We carve life from the fabric of ordinary days, and we make it matter. Today is an invitation to consider how we make that happen, how we chose to live. As a Christian, listening has often generated feelings of rejection, of anger and frustration at the rampant nature of stereotypes and the politicization of faith. It is in the quiet that is so much a part of so many cultural and religious traditions that the sense of suffering becomes so obvious. Clearly, the differences among us have obscured the sameness, even enflaming anger and fueling cruelties. The threats to identity on all sides have brutalized the perception of the whole of who we are: human beings, creatures like the birds of the air and the fish in the sea. We have allowed respect for self and one another to exist on mere gasps of air rather than celebrate full fledged recognition.
Today is different; today is an invitation to go beyond all that and embrace the most fundamental of realities. Today, in that awkward space between Ascension Thursday and Pentecost Sunday, we are reminded what it is to be confused, feel alone and forgotten. In other words, what it is to feel threatened emotionally and socially. Once again, Scripture teaches us how to be human in a world where that has become somewhat challenging. There is the direction to pray; notably, it is mentioned as a group activity. There is the challenge to do the right thing in all circumstances and then there is the Gospel with the premise that here in this world, we belong. Belonging to one another cascades with promise and potential, with strength for meeting the difficulties and dichotomies evolving every day.

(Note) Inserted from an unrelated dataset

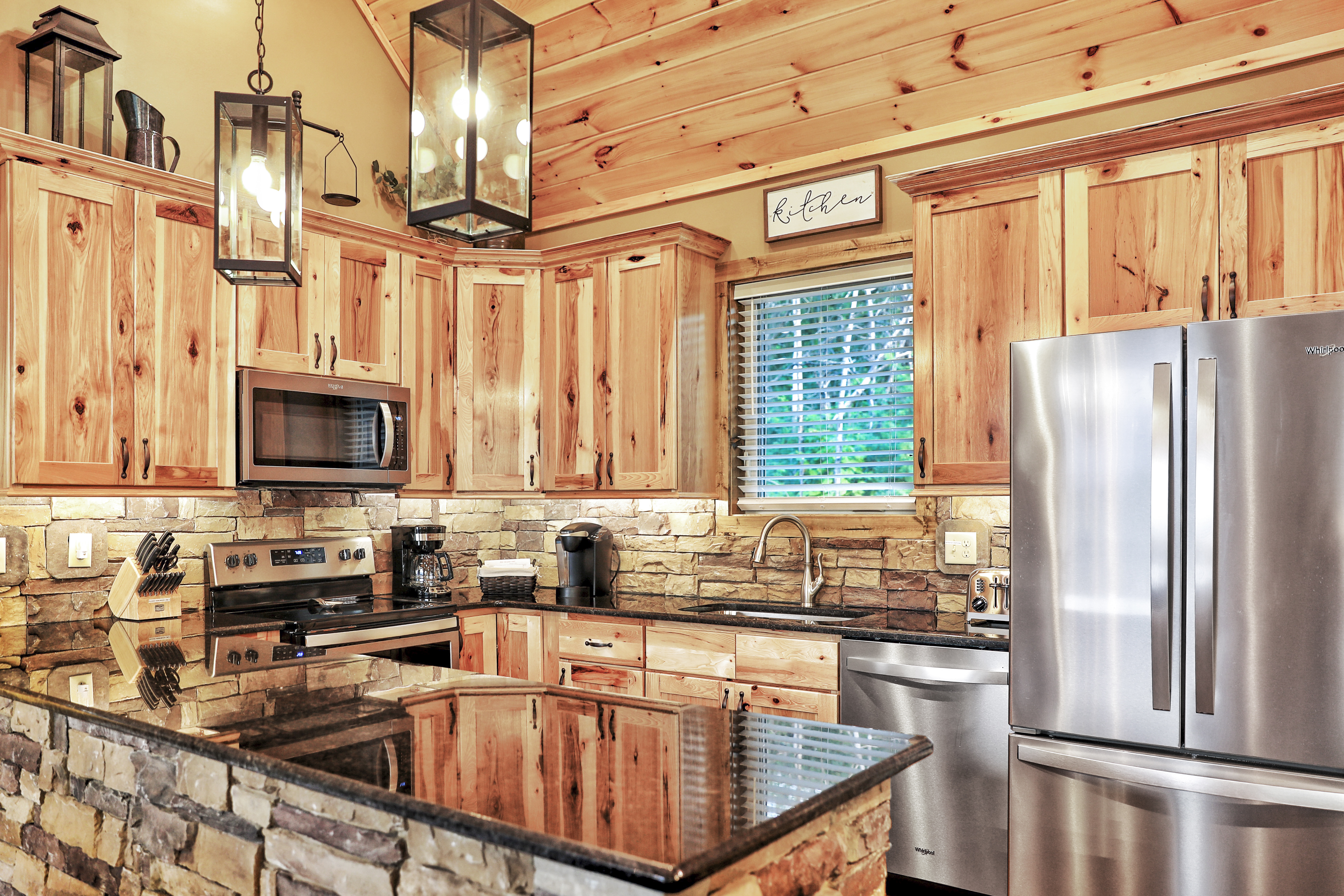 º KITCHEN: Stainless steel appliances including dishwasher, granite counter tops, fully stocked with standard essentials plus Keurig, traditional coffee maker, griddle, slow cooker, blender, waffle maker and wine glasses.

The passages all allude to the reality that being human is hard work: there are ups and downs, fears and anxieties. But there are also ways to cope with those. Prayer can be one of those very practical tools. Thinking about how the world around us is perceived and constructed and what part we play in all that is a valid and necessary part of our humanity. Doing it together, conscious of self and others, is a critical aspect of what it means to be human. We can begin to see the similarities alive beneath all of the differences. Thousands of years ago, it was clear that humans can help one another become better human beings. And today, amid the confusion and the chaos, it is still clear.